NB: This class will be taught in person at HVWC in the Philipse Manor Train Station in Sleepy Hollow, NY. It is capped at 10 students. All must show proof of vaccination before attending the class. Please read our course policies page before registering for any class.
How do we write poems based on our memories if memory itself is so malleable and unreliable? Is it okay to change the details or combine memories? How can we use our memories to enhance our work? In this class we’ll talk about the different ways we remember according to our senses (visually, emotionally, etc) and read poems from a selection of contemporary poets that play with memory as a sometimes problematic road to the truth. Ahead of the class, please think about memories that can serve as a springboard for your poems: not just actions and landscapes, but specific impressions of sights, sounds, or words. At the end of the class, participants will have new drafts for poems, ideas for future work, and tips for revision grounded in both memory and truth.

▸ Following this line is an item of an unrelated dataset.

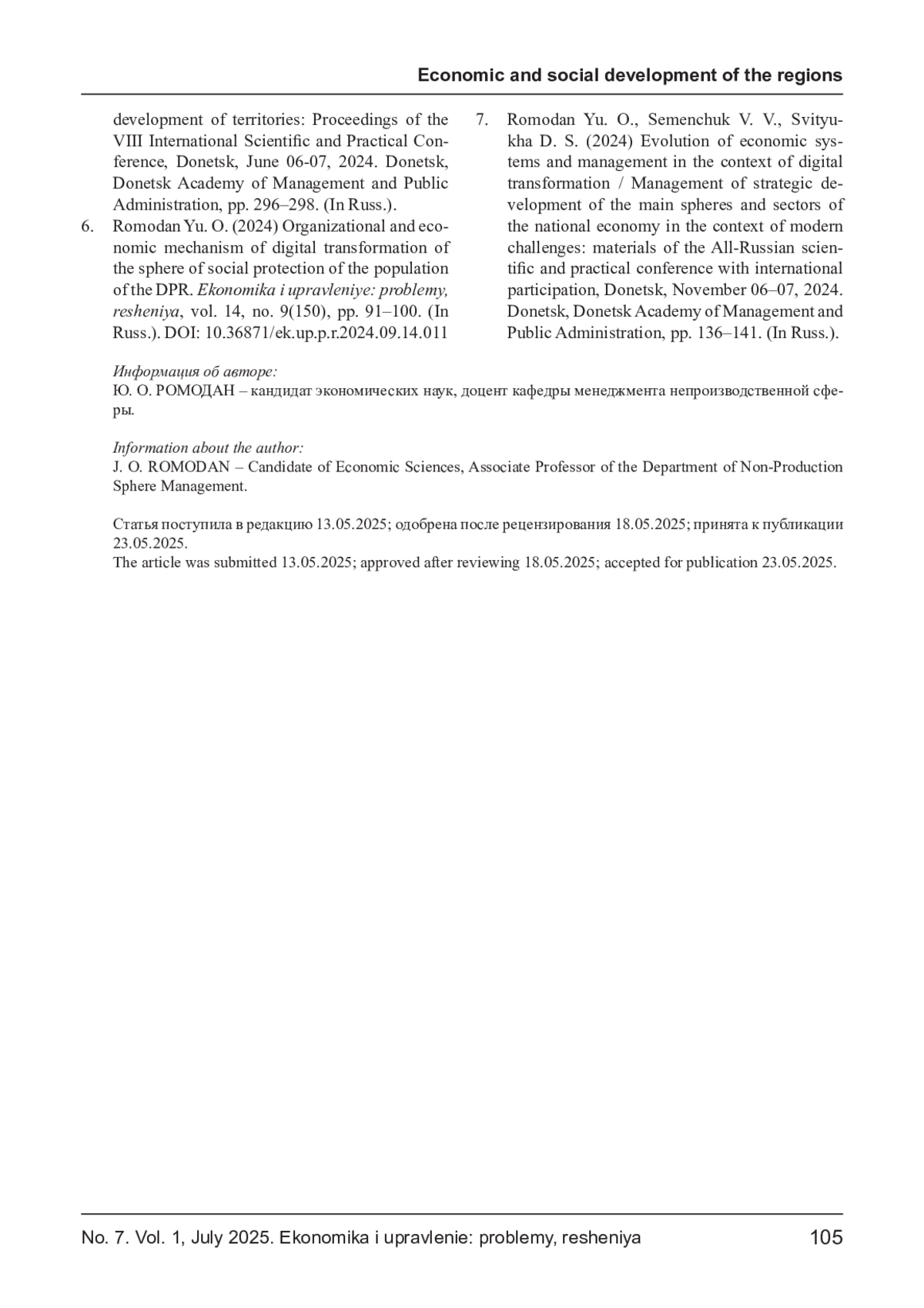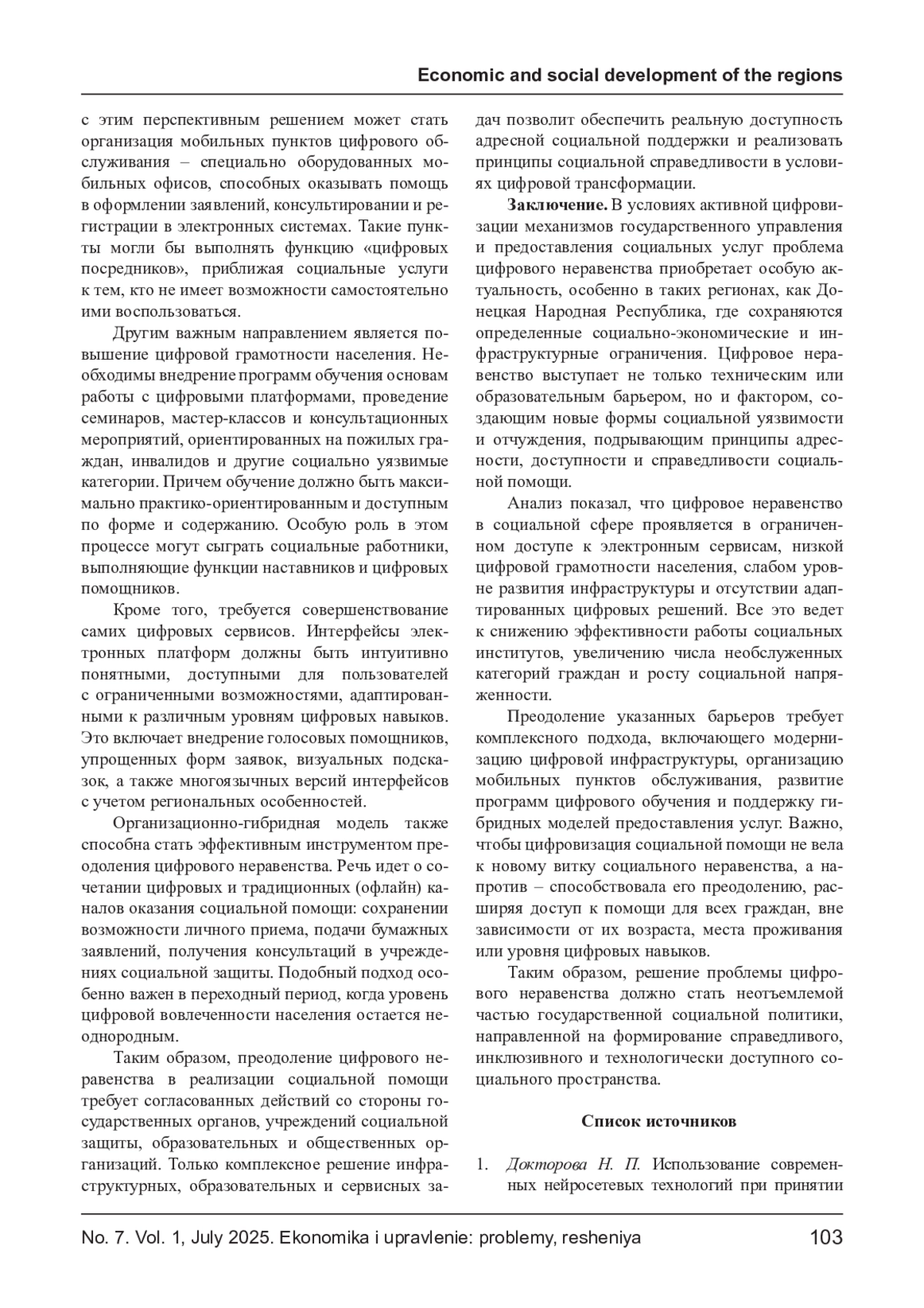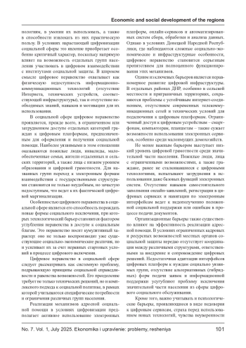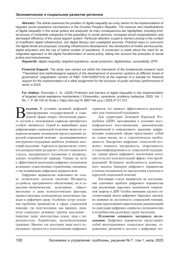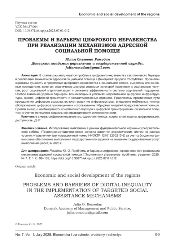 РОМОДАН Ю. О. ПРОБЛЕМЫ И БАРЬЕРЫ ЦИФРОВОГО НЕРАВЕНСТВА ПРИ РЕАЛИЗАЦИИ МЕХАНИЗМОВ АДРЕСНОЙ СОЦИАЛЬНОЙ ПОМОЩИ // ЭКОНОМИКА И УПРАВЛЕНИЕ: ПРОБЛЕМЫ, РЕШЕНИЯ. 2025. ТОМ 1 № 7
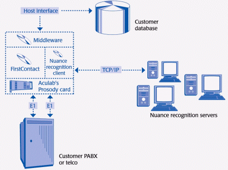 Prosody板卡位于系統(tǒng)的底層,已集成在VeCab系統(tǒng)中。FristContact 媒體服務(wù)器與Prosody硬件的通信是通過(guò)Aculab的統(tǒng)一API實(shí)現(xiàn)的。Prosody不僅用于TTS,而且也用于其它語(yǔ)音處理功能,例如放音、錄音、回音消除和DTMF檢測(cè)和生成。此外,VeCab 使用 Aculab的高密度數(shù)字網(wǎng)絡(luò)接口模塊來(lái)連接ACT的電話系統(tǒng)。

Lynn Melnick is the author of the poetry collections Refusenik (2022), Landscape with Sex and Violence (2017), and If I Should Say I Have Hope (2012), all with YesYes Books, and the coeditor of Please Excuse This Poem: 100 Poets for the Next Generation (Viking, 2015). I’ve Had to Think Up a Way to Survive: On Trauma, Persistence, and Dolly Parton is forthcoming from University of Texas Press in 2022.